Processing the available information and using the gained knowledge have become increasingly important for the companies. Due to the fact that technical development allows for cheap storage of data, even those are stored and used, which had previously been regarded irrelevant. In addition, data could be stored for several years, instead of the few months from before. However, such a vast amount of data cannot be analyzed effectively by using traditional queries on relational databases. Therefore, these have been succeeded by applications written on data transformation frameworks for distributed systems and distributed databases.
It is important to run these applications automatically, consequently subsystems that are responsible for starting them are needed. Owing to the fact that they draw from the same resource pool, it should be examined how many of them can run simultaneously and how can the resources be used in the most effective way.
Over the course of my work, I have implemented a scheduler’s logic for distributed systems built on a Big Data technology stack, which is responsible for optimal resource usage based on the available information during the scheduling process.

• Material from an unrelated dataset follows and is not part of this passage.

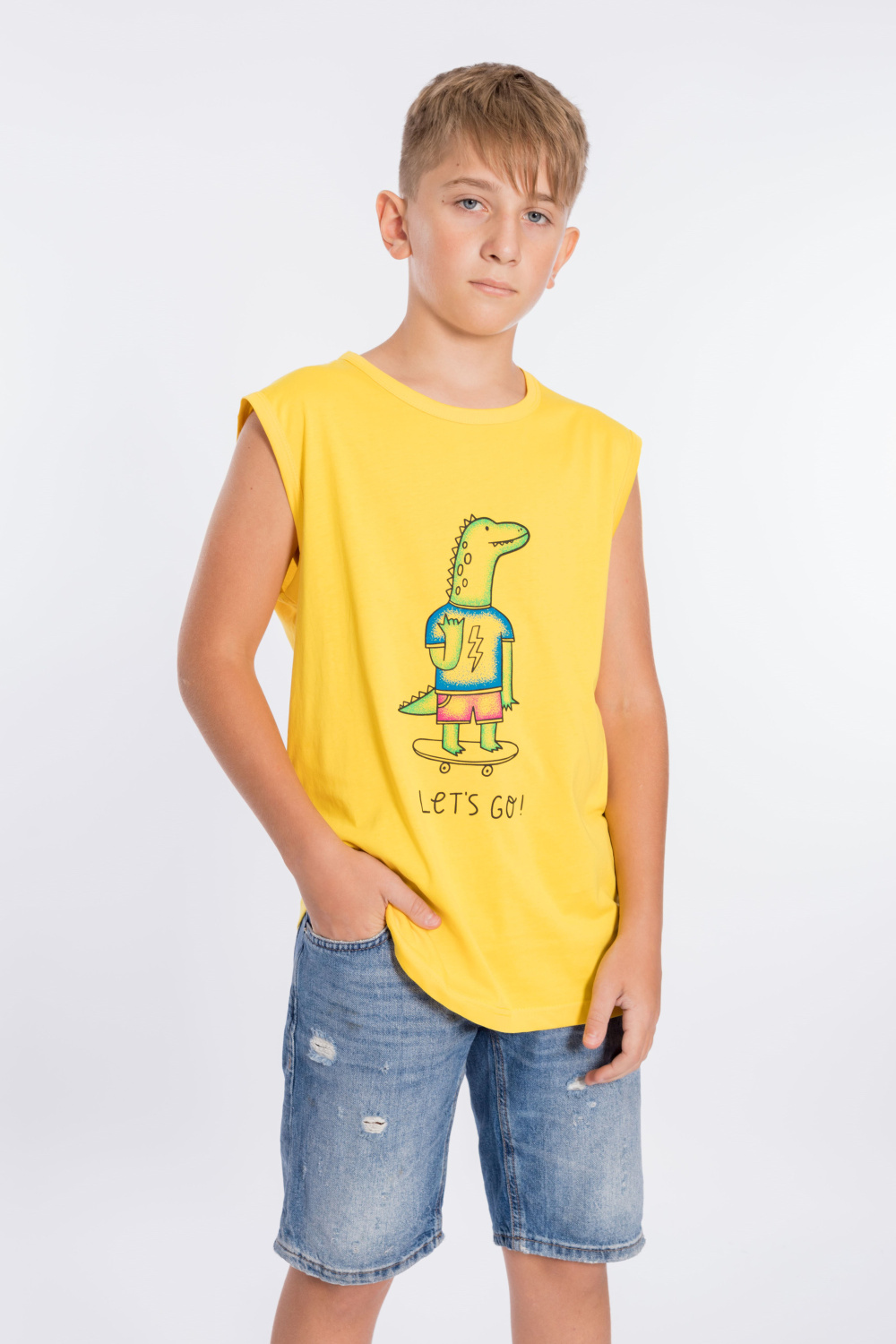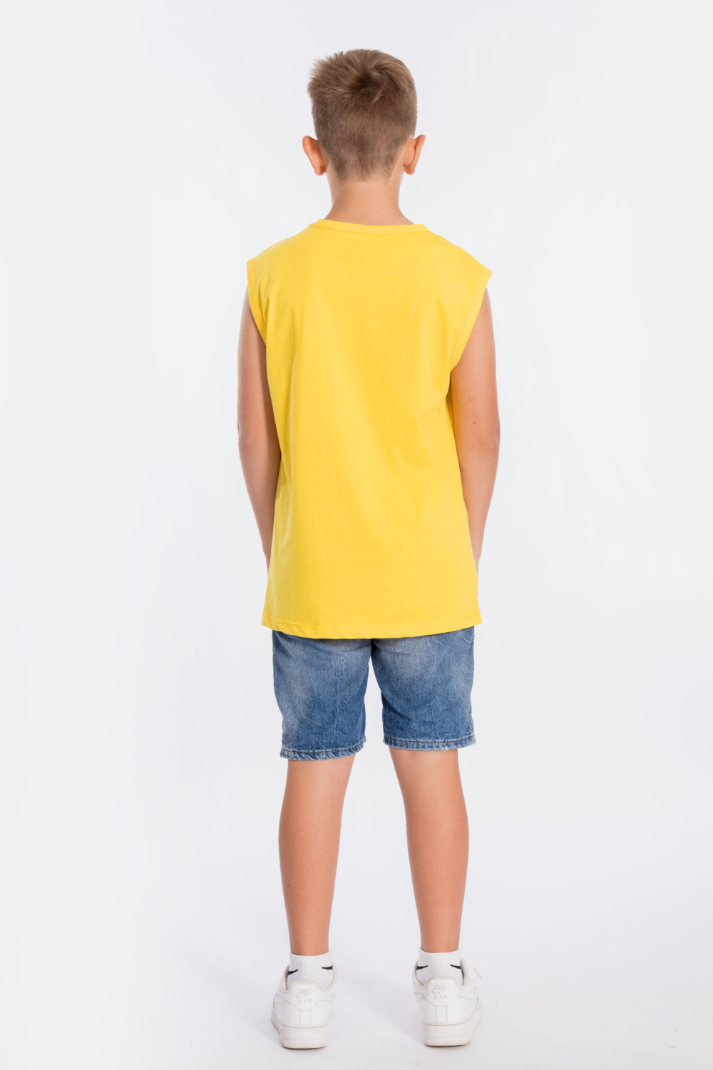 Майка из однотонной кулирки с принтом спереди.

In order to test this, I have created a simulation process that produces statistical data that would have been collected during the previous runs of the applications. I have tested the scheduling logic with this data and used it to set the parameters for the machine learning algorithms. Finally, using the tuned machine learning algorithms, I have examined the effectiveness of the system and compared it to primitive scheduling logic and perfect predictions. Based on the tests, it could be stated that my proposed solution uses on average 51% fewer resources than the primitive method.